Beethoven Piano Sonata No. 12, Op. 26 (full)

Mozart Piano Concerto No. 20, K. 466 (full)
[Brahms's cadenza for Movement 1, Beethoven's for Movement 3]

Any Bach fugue (I haven't studied Bach enough but I really should because he's one of the giants in my eyes.)

Any advice for these pieces? Thanks.


----------



## Larkenfield

I would post something you’ve already accomplished by the above methods as a starting point before anyone tries to issue advice. If you’re playing essentially by ear, do you have any favorite interpreters of those works that you’re learning from?


----------



## DreamBigKeys

For Beethoven I normally listen to either Daniel Barenboim or Jeno Jando. Jeno Jando’s fantastic with Liszt but from what my teacher told me, he messed up with the Beethoven Op. 26 interpretation. 

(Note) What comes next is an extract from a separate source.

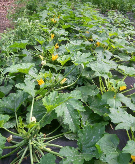 Putting plastic on the ground where the zukes or squash will be helps a lot in keeping the plants from getting soil born virus and mildews, usually from dirt splash up during rain. Eventually the powdery mildew gets mine too, but I try to forestall it long as possible. I spray Sevin once per week to keep those beetles that look like yellow ladybugs away because they not only eat the plants they can infect them too. Either there are not that many this year, or my weekly attentions have been successful. I like Sevin because it isn't persistent too long, breaks down so no buildup of pesticide residues, supposedly. I spray only in evening when the honey and bumble bees tend not to be there as much as they are in the mornings.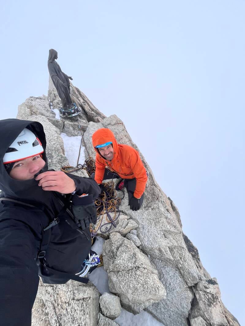 Nous sommes arrivés au « premier sommet », qui est une pointe 10 m en dessous du sommet et séparée par une arête glissante.

For Mozart, I’ve only ever listened to Rudolf Serkin’s interpretation of Piano Concerto No. 20, but per usual he plays Beethoven’s cadenza in the first movement. (Brahms’s cadenza is much harder to find on the net, I think only Idil Biret and Michael Rische has played Brahms’s cadenza.)

As for Bach, I’ve only listened to an excerpt of my teacher play Bach’s Fugue in G minor. So I need to figure Bach out eventually


----------